Arts and Entertainment


What cartoonist became popular as a social satirist?

In 1933 artist and cartoonist Oliver Harrington (1912–1995), one of America’s most popular social satirists, created the first cartoon to focus on black American life. His early characters portrayed life during the Harlem Renaissance. His first comic strip, “Boop,” was featured in the Pittsburgh Courier on March 11, 1933 (it was renamed “Scoop” on March 18). On May 25, 1935, Harrington published a panel in New York’s Amsterdam News entitled “Dark Laughter.” On December 28 of that same year he introduced the Bootsie character to the panel; this character continued in the newspaper for several years and was published later in the Courier. For forty years, Bootsie appeared in black newspapers. Harrington was born in the Valhalla community of West chester County near New York City.
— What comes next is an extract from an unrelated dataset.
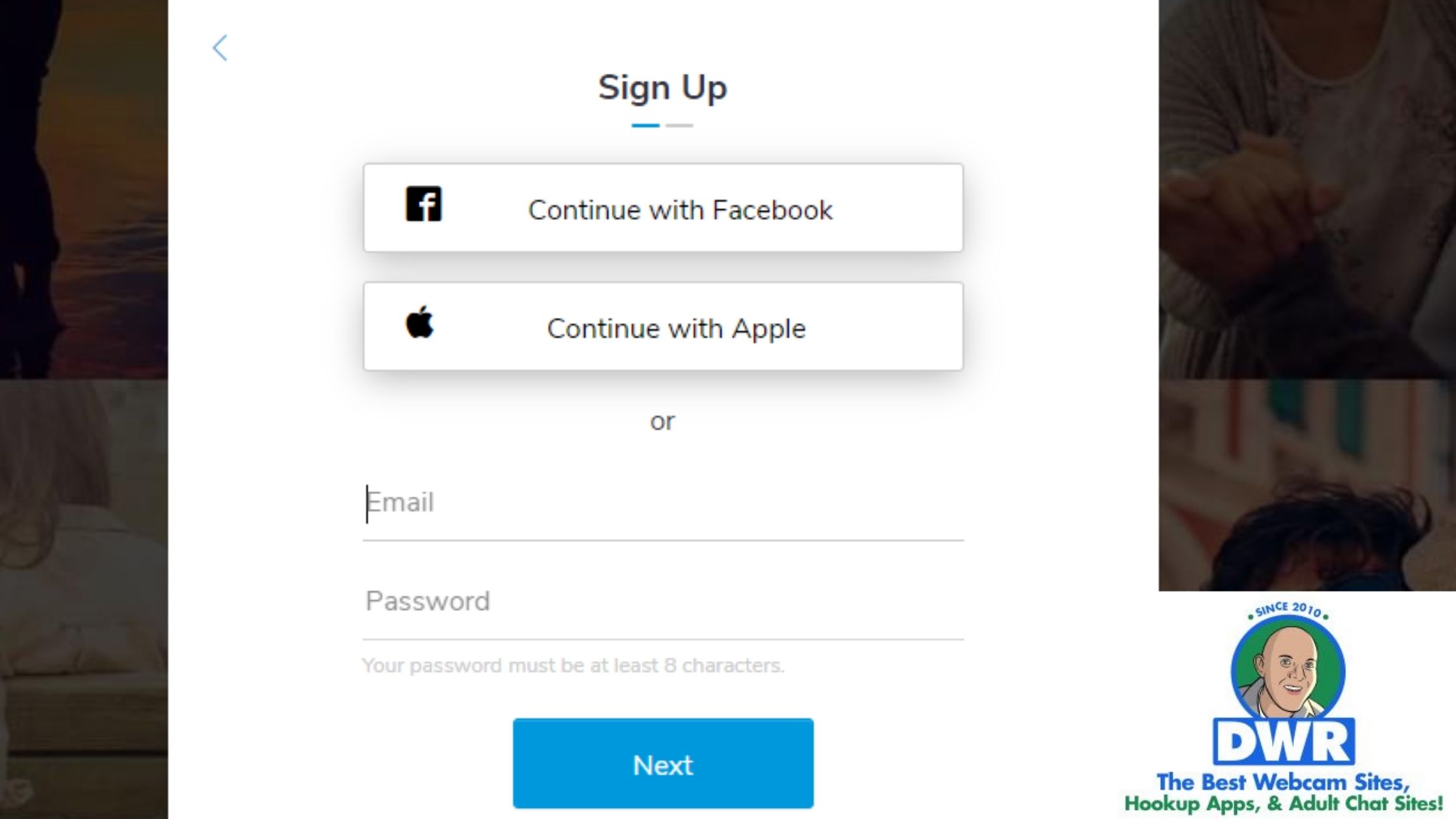 I don’t risk any of my personal accounts to such shady dating sites and thus I prefer signing up using an email address. In the first step, you will be asked to enter your name, gender, date of birth, and zip code.

He arrived in Harlem toward the end of the Harlem Renaissance and supported himself by working as a freelance artist. In 1940 he graduated from Yale University and started work on a master of fine arts degree.

Harrington illustrated Ellen F. Tarry’s The Runaway Elephant, published in 1950. The American Institute of Graphic Arts selected both the book’s cover and illustrations as one of the Fifty Best American Books that year—the first time the institute had so recognized a black artist. His book Bootsie and Others, an anthology of cartoons, was published in 1958.